# Almendra Cowl, so beautiful



## Toby's Mom (Dec 8, 2011)

http://knitting-and-so-on.blogspot.ch/2014/09/almendra-cowl.html


----------



## Buttons (Feb 11, 2011)

Very Nice.


----------



## boncroft (Apr 16, 2014)

is there any way the patterns could be sent by mail for those of us with no printer?


----------



## BrightMoon (Aug 11, 2013)

Thanks


----------



## Buttons (Feb 11, 2011)

boncroft said:


> is there any way the patterns could be sent by mail for those of us with no printer?

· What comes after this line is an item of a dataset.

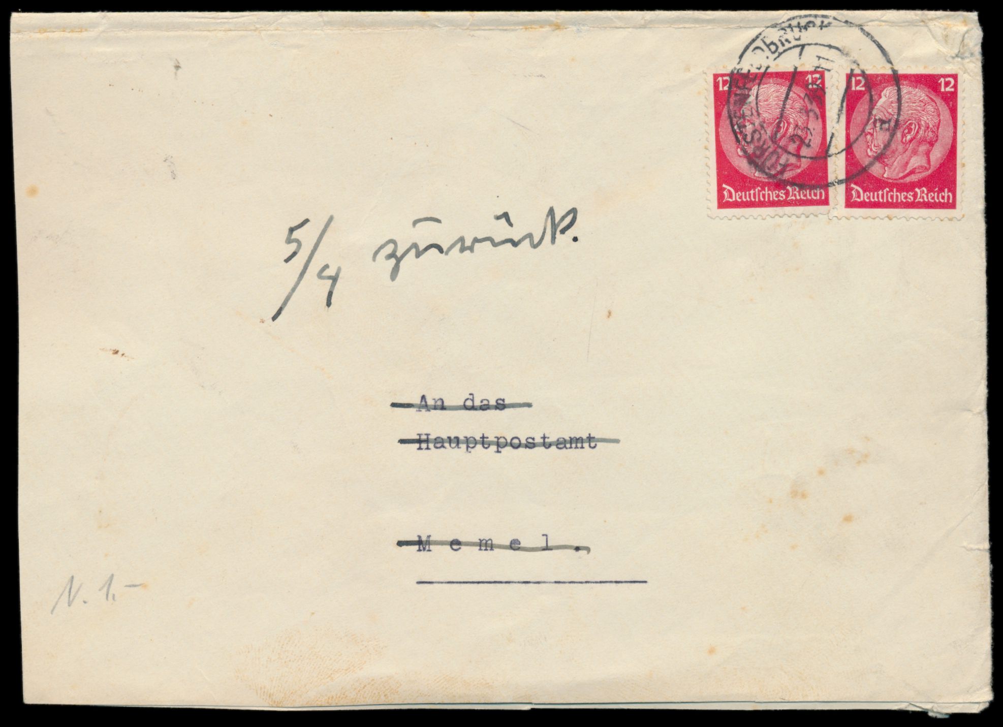 Brief aus Fürstenfeldbruck 23.3.39 an das Postamt Memel, mit violettem L4 "Überdruckmarken sind von deutscher Reichspost nicht hergestellt worden. Postamt Memel" und Postamt-Verschlußzettel mit L1 Memel zurück an den Absender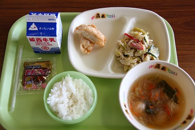 大阪は粉モンしかでてこーへんかったで・・なわけもなく普通の給食やった

When i don't have a printer, I write them out in a notebook. This way I can keep them together. But to answer your question, I'm not sure. I think it depends where you are getting the patterns from. You would have to actually ask them to mail them to you. Or you can save them on your computer then go to your local library and bring up your email and then print them out there.


----------



## CuriousKitty (Dec 19, 2013)

Beautiful! Well fitting the colours to the pattern! Soothing! Thank you!


----------



## kiwiannie (Jul 30, 2011)

Beautiful.


----------



## PhoenixFire (Feb 26, 2014)

gorgeous!!


----------



## no1girl (Sep 4, 2012)

perfect!


----------



## maureenb (Apr 1, 2011)

Wow!


----------



## knittingnanna19 (Nov 6, 2013)

It's gorgeous. I have this printed out in a folder I keep for patterns I really, really like.


----------



## sbeth53 (Mar 29, 2011)

Very pretty and it would look great in so many color combinations. Thanks for the link.


----------



## NanaMc (Sep 22, 2014)

The pattern is lovely!


----------



## Yeye (Feb 1, 2013)

Do your computer give you the means to copy and paste? In my iMac I can highlight whatever I want to copy, then copy it and paste in a blank text edit "sheet". You could also bookmark it.


----------



## ptspraker (Apr 13, 2012)

Love your cowl. It is beautiful.


----------



## uknurse (Sep 30, 2011)

If you like, I can print it and send to you in the mail.


----------



## tweeter (Dec 22, 2012)

very pretty


----------



## riversong200 (Apr 20, 2014)

Gorgeous colors!


----------



## Annekeetje (Apr 10, 2014)

Very nice


----------



## ParkerEliz (Mar 21, 2011)

I'd u don't have a printer, could you save them in your Ravelry "library" and print them at your local library?


----------



## Nancylynn1946 (Nov 19, 2012)

Can't wait to try this pattern.
Thanks for sharing.


----------



## Nancylynn1946 (Nov 19, 2012)

Can't wait to try this pattern.
Thanks for sharing.


----------



## Browniemom (Sep 24, 2012)

Simply lovely. Thank you for sharing. :thumbup:


----------



## imaknuttyknitter (Feb 23, 2011)

Beautiful and all the different color combos you could use are endless.


----------



## Annekeetje (Apr 10, 2014)

There are a lot of other lovely patterns on her blog too...


----------